What is the Exempt Market?
Generally speaking, the Exempt Market is a regulatory system that provides businesses with a more cost effective way to raise investor capital due to a reduced amount of oversight. The Exempt Market describes investments that are offered without a prospectus, most often by private companies that are not publically traded. A Prospectus is a very detailed legal disclosure document that is filed with Canadian provincial regulators and meant to be read by the investor. Firms raising money the traditional way using a prospectus offering can be listed on a Stock Exchange. Stock exchanges are a secondary market where investments can be bought and sold between investors.
Generally smaller and/or newer businesses, raise capital by offering investments through the Exempt Market. There are many variations, but these entities generally raise capital in the form of equity (ownership in the form of shares or stocks) or debt (liability in the form of bonds or debentures). The reduction in regulatory requirements in the Exempt Market does not come without some concessions for investors. Because Exempt Market investments are sold without a prospectus, they are generally ineligible to be listed on a stock exchange, and have limited access to secondary markets, meaning they cannot be sold for an extended period, if at all.

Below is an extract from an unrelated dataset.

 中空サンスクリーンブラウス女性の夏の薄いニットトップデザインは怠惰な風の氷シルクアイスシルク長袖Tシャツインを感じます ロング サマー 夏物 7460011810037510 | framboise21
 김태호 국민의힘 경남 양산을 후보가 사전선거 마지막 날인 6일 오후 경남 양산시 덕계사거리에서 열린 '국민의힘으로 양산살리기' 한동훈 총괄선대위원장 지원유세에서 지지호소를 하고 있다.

In Canada you can invest in the Exempt Market by meeting one of the various prospectus exemptions. Two of the most commonly used exemptions are the accredited investor exemption, used by those that meet high income and/or net worth standards or the minimum amount exemption used by those investors willing to put $150,000 or more into one investment. Many people also invest in the Exempt Market utilizing the friends, family, and business associates exemption based on having a relationship with a director or senior officer of the company in which they are investing. In Canada (except Ontario) everyday citizens can buy Exempt Market products via an Offering Memorandum (OM) Exemption. An OM contains similar information to a prospectus but is generally not reviewed by a regulator and is only filed with regulators after funds have been raised as opposed to a prospectus where filing occurs prior to any investments being made. One other key difference is that, while many businesses raising money this way do provide ongoing information about their operations and finances to investors, there is no legal requirement to do so.

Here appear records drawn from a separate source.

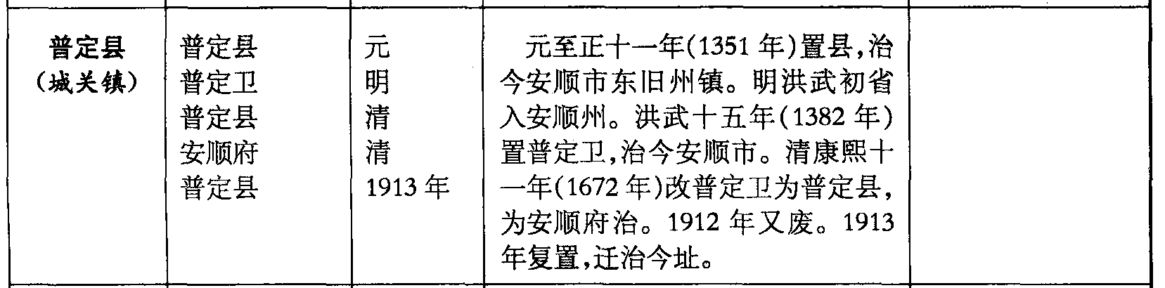 普定县(城关镇)普定县普定卫普定县安顺府普定县元明清清1913年元至正十一年(1351年)置县,治今安顺市东旧州镇。明洪武初省入安顺州。洪武十五年(1382年)置普定卫,治今安顺市。清康熙十一年(1672年)改普定卫为普定县,为安顺府治。1912年又废。1913年复置,迁治今址。
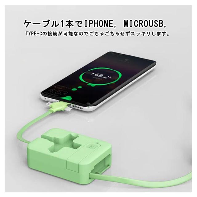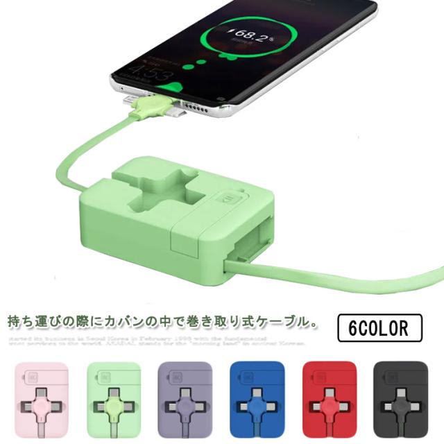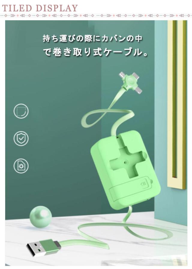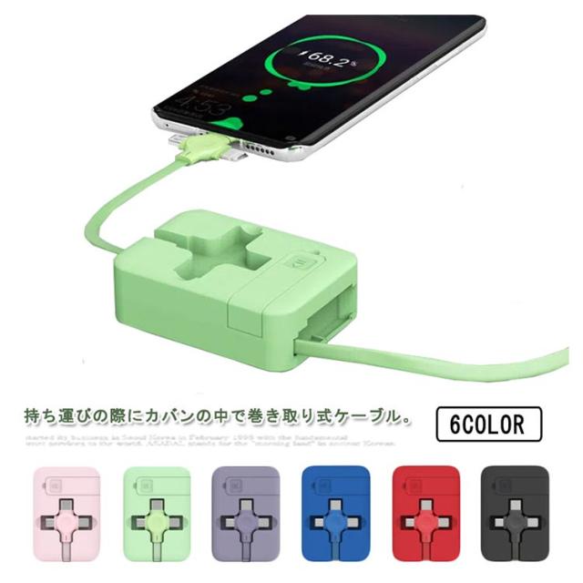 3in1充電ケーブル 巻き取り ライトニングケーブル スタンド付き iPhone Android Type-C Lightning microUSB 巻取り式 アンドロイド USB 充電ケーブル micro usb アンドロイド アイフォン 同時給電 持ち運び データ転送 多機能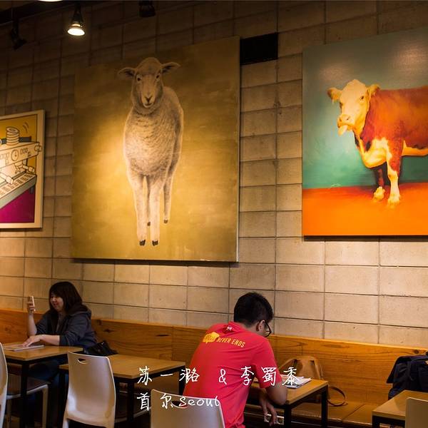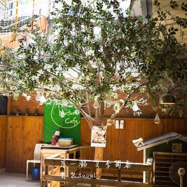这家咖啡厅从名字就能看出其理念,感谢自然,崇尚自然。这家咖啡厅距离弘大非常近,位于地下一层,店里有两只吃得胖胖的小羊,在这里消费的顾客可以跟小羊一起玩哟~店里除了咖啡,招牌甜点是华夫饼。我们在喝咖啡的时候,就能听到小羊“咩~”“咩~”的叫声,完全原生态。店长大叔长得像宫崎骏,他时不时地去打扫羊窝,给小羊喂食。我们准备离开时,店长让我们进去羊窝给小羊喂草吃。小羊的毛非常柔软,让人止不住想去揉呀!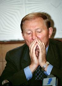 Президент Украины Леонид Кучма на пресс-конференции, посвященной аварии на шахте имени Засядько.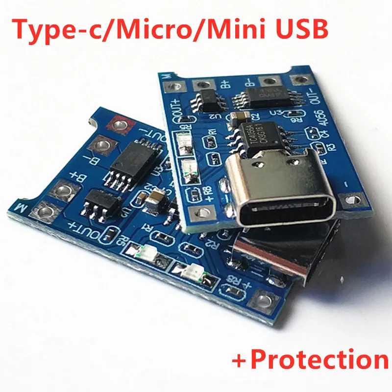 Литиевая батарея TP4056 18650 1 шт. Great IT 5 в 1 а Micro USB 3. 0 Type-c, зарядная плата, модуль зарядного устройства + Двойная функция защиты TP4056 18650

Both the public stock exchanges and the Exempt Market have a primary market where they sell new issues or new investments. It is strongly recommended that you have a Registered Financial Advisor or other professional such as a Securities Lawyer have a look at any deal in depth before making an investment in the Exempt Market. In addition, when you consider investing your hard earned money into any type of product, Exempt Market or public, it is essential to follow diversification, asset allocation, and suitability principles tailored to your personal situation.